Имя Вирджил предложила Джессалин (кажется, так звали ее школьного учителя, молодого красавца, любителя поэзии?), и Уайти возражать не стал. Не так часто жена выражала какие-то пожелания.
(Впоследствии он сожалел об уступке. Он считал почти всерьез, что все беды Вирджила проистекают от имени, полученного при рождении.)
Когда одиннадцатилетний Вирджил спросил мать про Уильяма Блейка, она поначалу даже не поняла, о ком идет речь. Поэзия – это было так давно. Она смутно помнила названия: «Изречения невинности», «Песни невинности и опыта». Когда Вирджил показал ей «Нортонскую антологию английской литературы», том второй, она не поверила, что это ее книга, пока он не продемонстрировал ей пометку на титульном листе: Джессалин Ханна Сьюэлл.

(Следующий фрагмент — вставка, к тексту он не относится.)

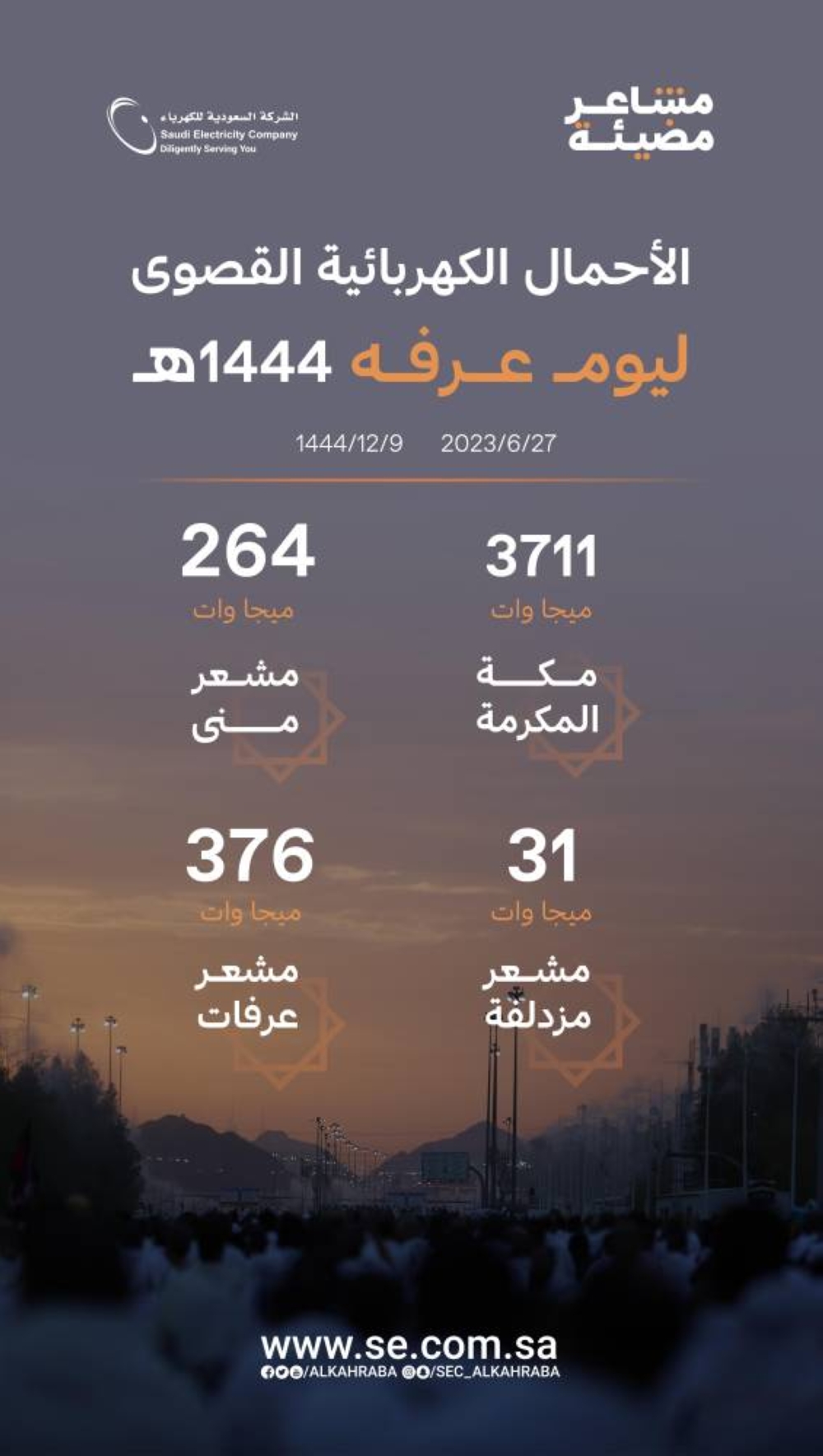 وأكدت الشركة أن الخطة التشغيلية للشركة هذا العام، تسير وفق ما هو مُخطط له بمتابعة وإشراف منظومة الطاقة بقيادة وزير الطاقة الأمير عبدالعزيز بن سلمان، مبينة أنها تسعى إلى تقديم خدمة كهربائية بمستوى عال من الموثوقية والكفاءة في الأداء في سبيل راحة حجاج بيت الله الحرام.

И только тогда она задумчиво произнесла:
– Ну да… теперь я кое-что вспоминаю.
Вскоре Вирджил открыл для себя пьянящую поэзию Уолта Уитмена, Джерарда Мэнли Хопкинса, Рембо, Бодлера. Его первыми литературными опытами стали подражания этим поэтам, так же как первыми попытками в рисовании стали подражания Матиссу, Кандинскому и Пикассо (цветные оттиски в «Искусстве европейских мастеров», еще одной книге, обнаруженной им в семейной библиотеке). Не по годам развитый юноша прочел (или попытался прочесть) «Илиаду» и «Одиссею», «Метаморфозы» Овидия, «Диалоги» Платона. «Энеида» его тезки Вергилия у него как-то не пошла.
Вирджил раздобыл подержанное пианино и настоял, что будет брать уроки. Позаимствовал у родственника старую флейту.

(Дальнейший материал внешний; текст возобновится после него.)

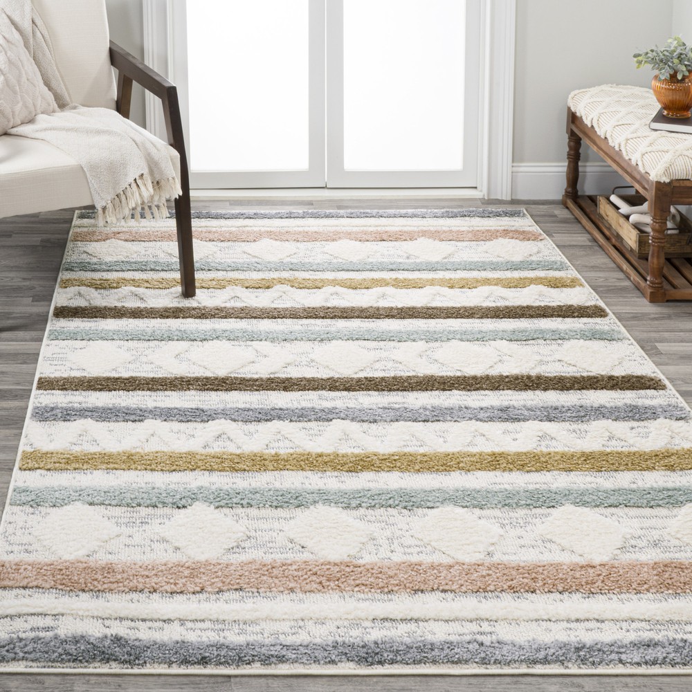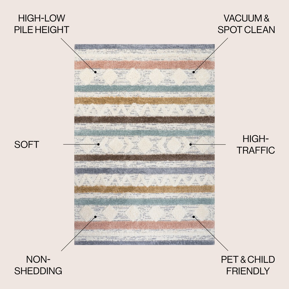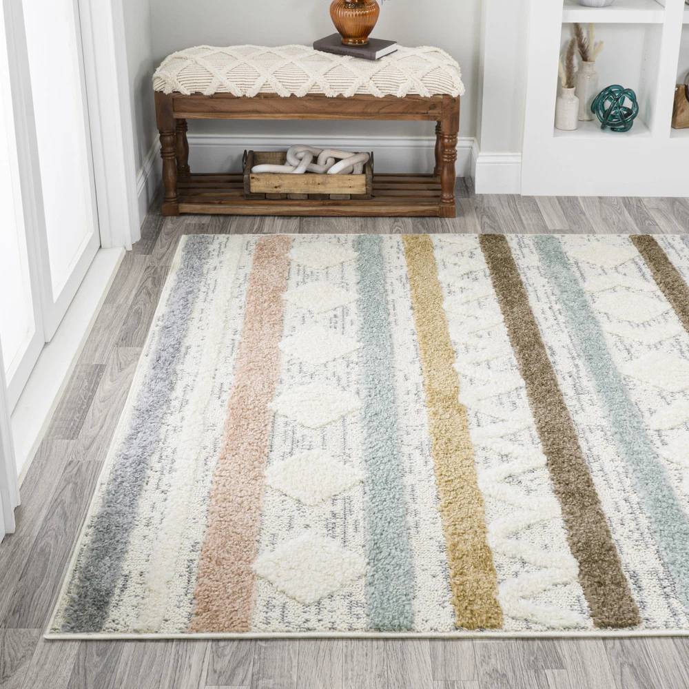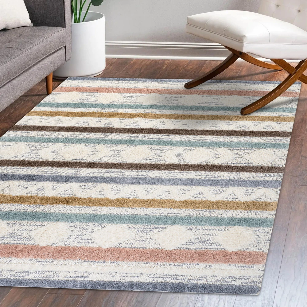 Absolutely love this rug! The mix of boho patterns and soft pastel colors adds such a cozy, stylish vibe to my living room. The dual pile heights give it amazing texture, and it’s super plush underfoot. Super easy to clean, too—perfect for high-traffic areas. The size is just right, and the quality feels premium. A total game-changer for any space!

Он сочинял музыку к собственным стихам. А свои художественные замыслы называл визуализированной музыкой.
Хотелось думать о себе как о существе мифическом, этаком оракуле. А «Вирджил Маккларен» он воспринимал как западню, в которой Вирджил задыхался. Смысл жизни не сводился к записи в паспорте, он расширялся до безличного высшего «я». Он поставил перед собой великую цель – очистить душу. Свои стихи и художественные поделки он подписывал без фамилии: Вирджил (март 2005), Вирджил (сент. 2007).

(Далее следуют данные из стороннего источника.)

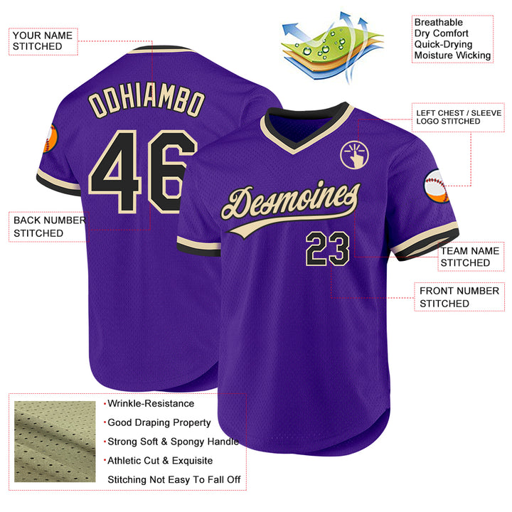 Custom Purple Black-Cream Authentic Throwback Baseball Jersey
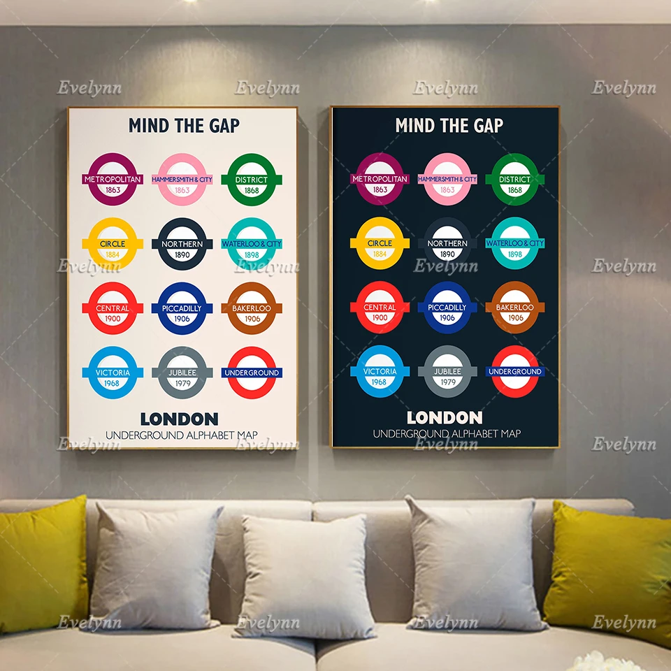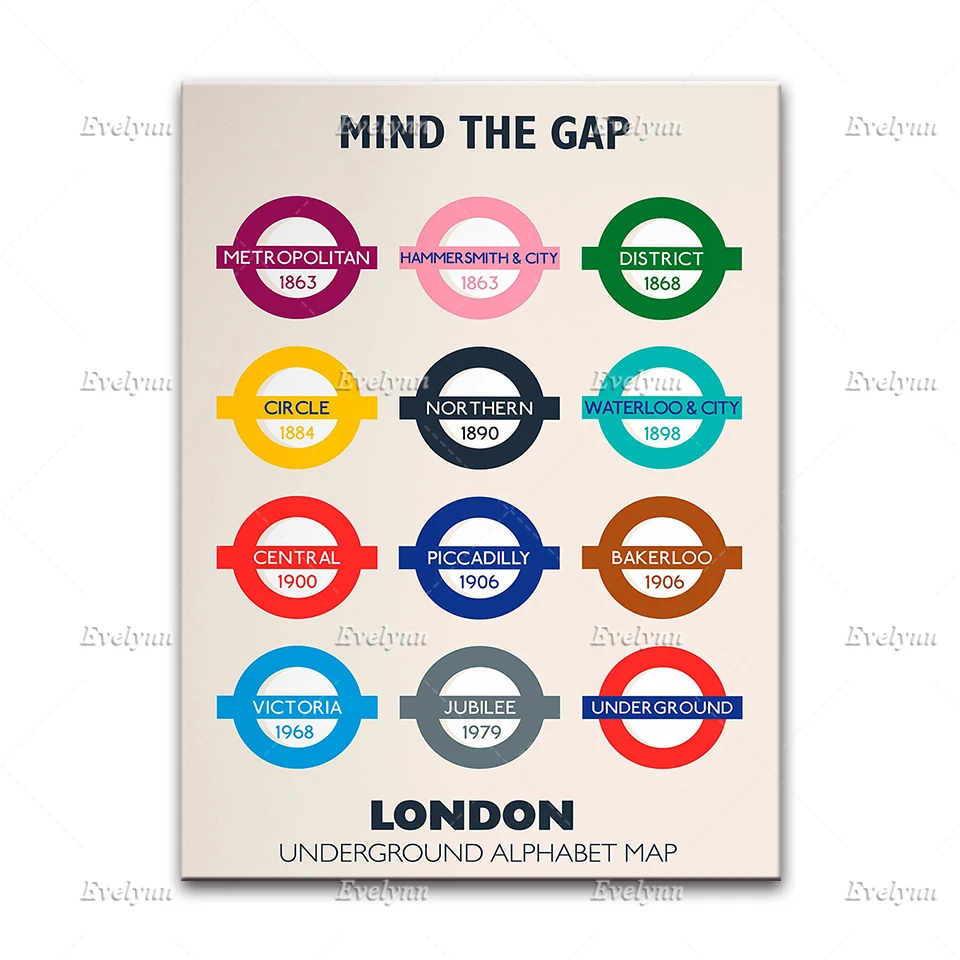Лондонская фотография, карта алфавита метро, знак метро, арт-тюбик, настенные художественные принты, домашний декор, холст, уникальный подарок

Недоучившись в Оберлине и пару лет попутешествовав по стране, он вернулся в Северный Хэммонд и поселился в большом арендованном фермерском доме с постоянно меняющимся контингентом таких же художников-самоучек и политических активистов разного возраста. («Можно ли это считать коммуной хиппи?» – с тревогой спрашивала себя Джессалин.) Их идеал, говорил ей Вирджил, «морально безупречная» жизнь, без эксплуатации других людей или животных или окружающей среды, с приобретением пищи и услуг не за деньги, а путем естественного обмена. Ходили слухи, что они совершают ночные налеты на супермаркет «Дампстерс» и местные свалки. Однажды он принес в свое жилье слегка ободранный огнеупорный кухонный стол и четыре стула, которые, как выяснилось, выбросила на помойку его старшая сестра. (Беверли была вне себя, ее родной братец превратился в «мусорщика», но он нисколько не смутился.)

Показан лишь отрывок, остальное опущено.